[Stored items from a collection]
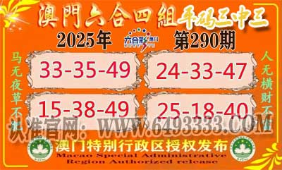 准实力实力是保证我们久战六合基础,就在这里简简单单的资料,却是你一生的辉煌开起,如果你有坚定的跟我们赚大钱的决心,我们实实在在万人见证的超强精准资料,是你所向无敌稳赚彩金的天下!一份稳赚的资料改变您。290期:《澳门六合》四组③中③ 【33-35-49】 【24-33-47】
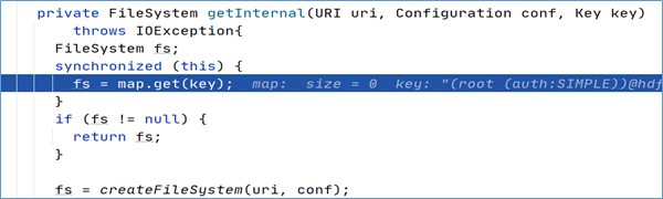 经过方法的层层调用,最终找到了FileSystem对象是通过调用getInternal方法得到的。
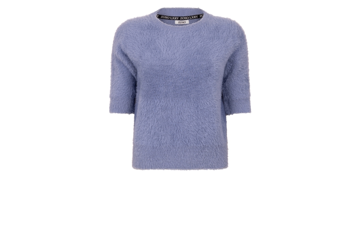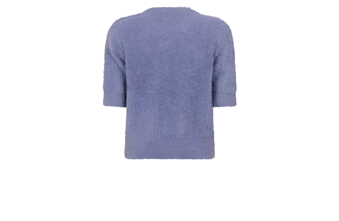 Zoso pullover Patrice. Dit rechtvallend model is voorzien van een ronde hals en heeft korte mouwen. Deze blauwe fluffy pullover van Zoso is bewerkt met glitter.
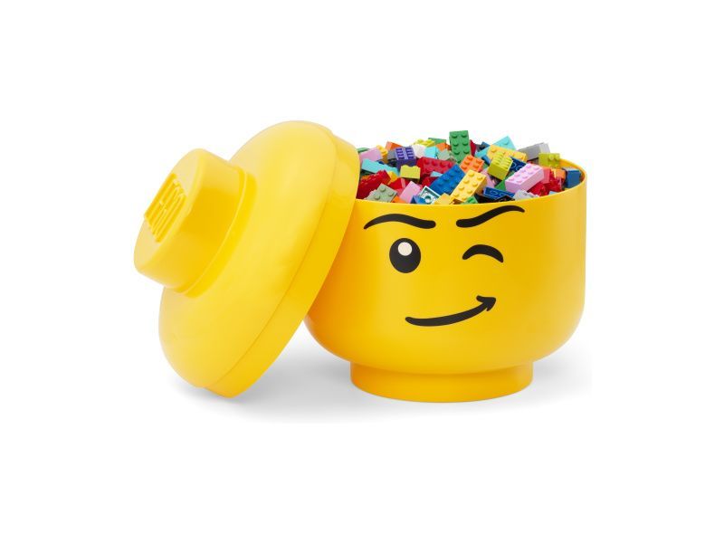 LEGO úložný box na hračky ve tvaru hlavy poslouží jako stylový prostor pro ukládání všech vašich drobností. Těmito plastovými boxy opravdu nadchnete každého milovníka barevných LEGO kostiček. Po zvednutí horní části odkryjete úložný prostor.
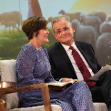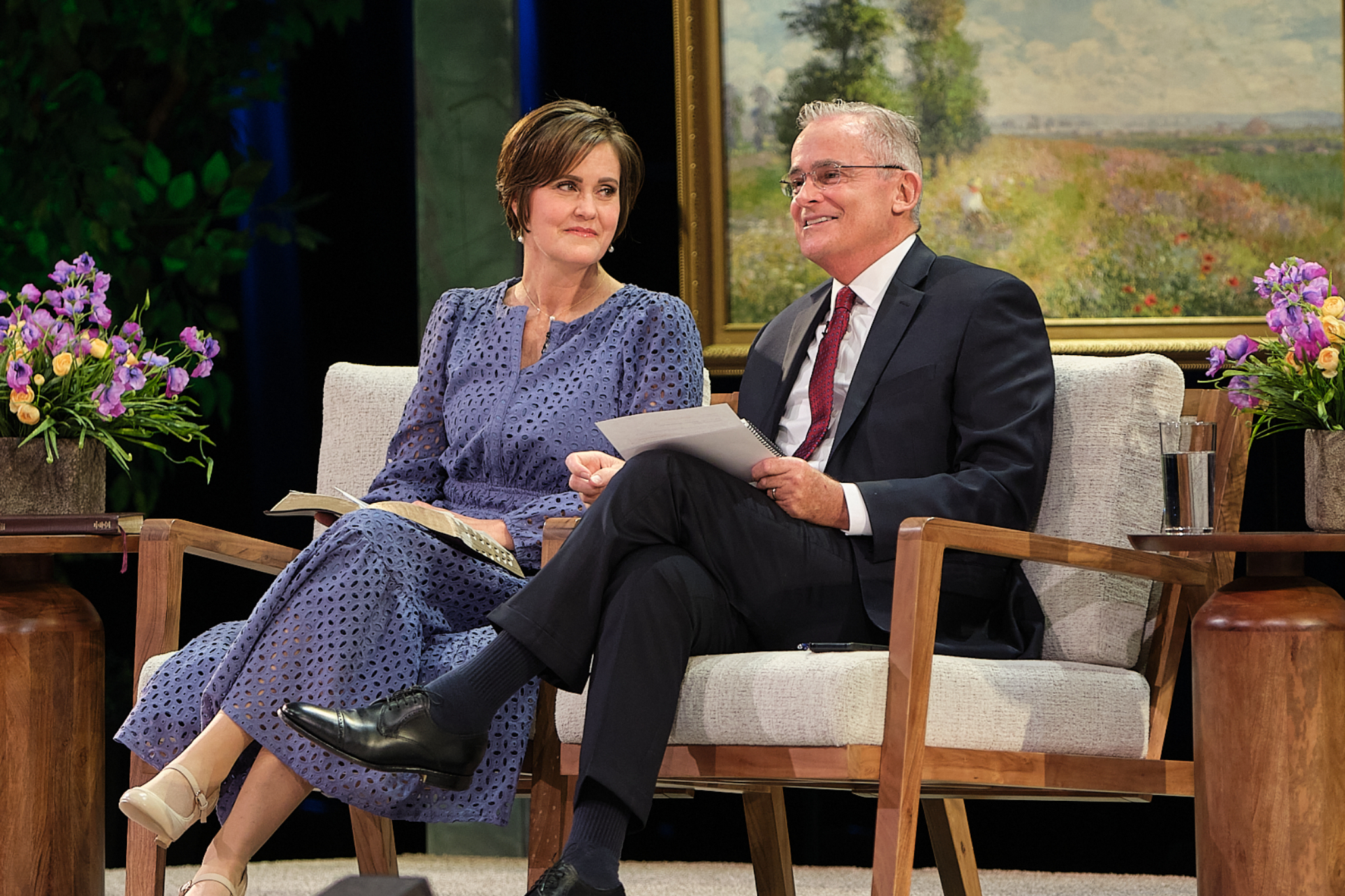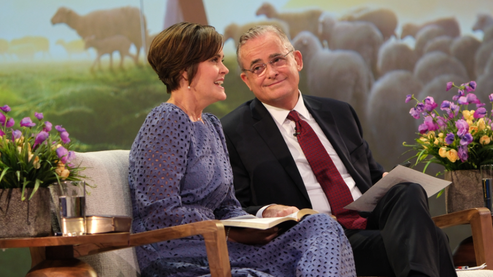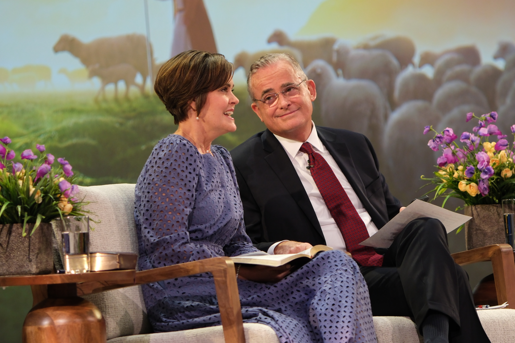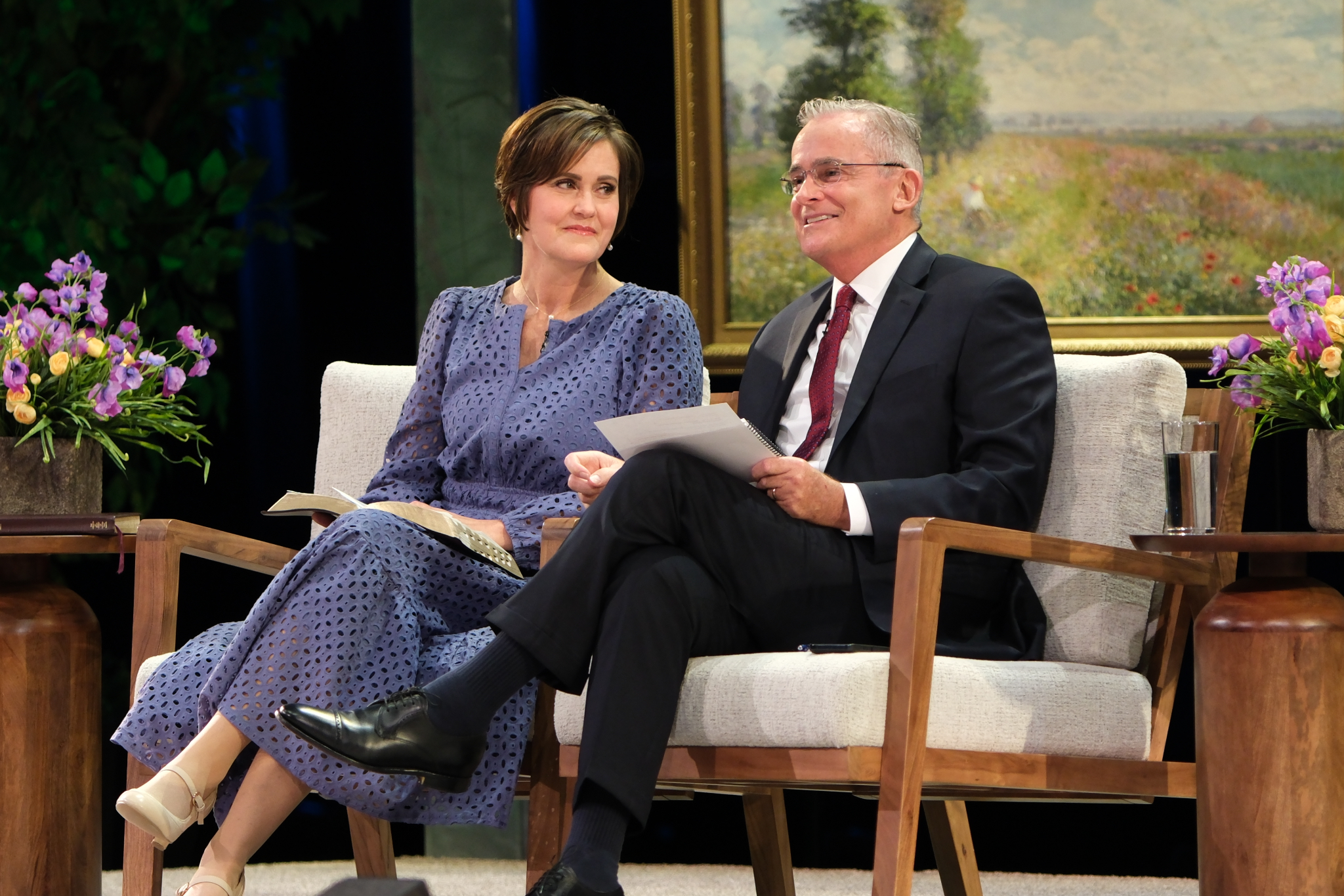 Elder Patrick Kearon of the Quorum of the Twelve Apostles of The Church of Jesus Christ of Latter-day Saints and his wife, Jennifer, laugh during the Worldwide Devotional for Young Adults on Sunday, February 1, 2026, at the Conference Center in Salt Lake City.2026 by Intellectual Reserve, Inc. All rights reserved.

Work instruction:
Give the entries above again in full and exactly, but not the pictures.

The completed task:
 准实力实力是保证我们久战六合基础,就在这里简简单单的资料,却是你一生的辉煌开起,如果你有坚定的跟我们赚大钱的决心,我们实实在在万人见证的超强精准资料,是你所向无敌稳赚彩金的天下!一份稳赚的资料改变您。290期:《澳门六合》四组③中③ 【33-35-49】 【24-33-47】
 经过方法的层层调用,最终找到了FileSystem对象是通过调用getInternal方法得到的。
 Zoso pullover Patrice. Dit rechtvallend model is voorzien van een ronde hals en heeft korte mouwen. Deze blauwe fluffy pullover van Zoso is bewerkt met glitter.
 LEGO úložný box na hračky ve tvaru hlavy poslouží jako stylový prostor pro ukládání všech vašich drobností. Těmito plastovými boxy opravdu nadchnete každého milovníka barevných LEGO kostiček. Po zvednutí horní části odkryjete úložný prostor.
 Elder Patrick Kearon of the Quorum of the Twelve Apostles of The Church of Jesus Christ of Latter-day Saints and his wife, Jennifer, laugh during the Worldwide Devotional for Young Adults on Sunday, February 1, 2026, at the Conference Center in Salt Lake City.2026 by Intellectual Reserve, Inc. All rights reserved.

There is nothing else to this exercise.